> **EXERCISE**
Write out the whole listing exactly as it stands.

> **MATERIAL SHOWN**
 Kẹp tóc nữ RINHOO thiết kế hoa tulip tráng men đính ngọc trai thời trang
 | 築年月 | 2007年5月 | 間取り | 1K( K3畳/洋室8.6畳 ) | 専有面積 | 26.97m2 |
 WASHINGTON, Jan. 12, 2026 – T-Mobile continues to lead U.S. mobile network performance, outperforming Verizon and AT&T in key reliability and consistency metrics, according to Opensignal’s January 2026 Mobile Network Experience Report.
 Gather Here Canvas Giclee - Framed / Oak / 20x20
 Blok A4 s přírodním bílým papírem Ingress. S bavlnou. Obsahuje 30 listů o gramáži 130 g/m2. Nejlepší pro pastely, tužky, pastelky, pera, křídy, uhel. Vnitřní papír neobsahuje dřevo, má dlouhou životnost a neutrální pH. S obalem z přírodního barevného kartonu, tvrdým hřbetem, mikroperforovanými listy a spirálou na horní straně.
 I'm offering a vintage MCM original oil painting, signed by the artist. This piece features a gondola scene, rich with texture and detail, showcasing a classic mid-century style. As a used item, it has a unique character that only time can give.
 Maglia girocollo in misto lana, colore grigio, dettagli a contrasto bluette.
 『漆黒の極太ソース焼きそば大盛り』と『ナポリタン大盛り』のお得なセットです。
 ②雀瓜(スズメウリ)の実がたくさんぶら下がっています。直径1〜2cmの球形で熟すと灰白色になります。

> **RESULT**
 Kẹp tóc nữ RINHOO thiết kế hoa tulip tráng men đính ngọc trai thời trang
 | 築年月 | 2007年5月 | 間取り | 1K( K3畳/洋室8.6畳 ) | 専有面積 | 26.97m2 |
 WASHINGTON, Jan. 12, 2026 – T-Mobile continues to lead U.S. mobile network performance, outperforming Verizon and AT&T in key reliability and consistency metrics, according to Opensignal’s January 2026 Mobile Network Experience Report.
 Gather Here Canvas Giclee - Framed / Oak / 20x20
 Blok A4 s přírodním bílým papírem Ingress. S bavlnou. Obsahuje 30 listů o gramáži 130 g/m2. Nejlepší pro pastely, tužky, pastelky, pera, křídy, uhel. Vnitřní papír neobsahuje dřevo, má dlouhou životnost a neutrální pH. S obalem z přírodního barevného kartonu, tvrdým hřbetem, mikroperforovanými listy a spirálou na horní straně.
 I'm offering a vintage MCM original oil painting, signed by the artist. This piece features a gondola scene, rich with texture and detail, showcasing a classic mid-century style. As a used item, it has a unique character that only time can give.
 Maglia girocollo in misto lana, colore grigio, dettagli a contrasto bluette.
 『漆黒の極太ソース焼きそば大盛り』と『ナポリタン大盛り』のお得なセットです。
 ②雀瓜(スズメウリ)の実がたくさんぶら下がっています。直径1〜2cmの球形で熟すと灰白色になります。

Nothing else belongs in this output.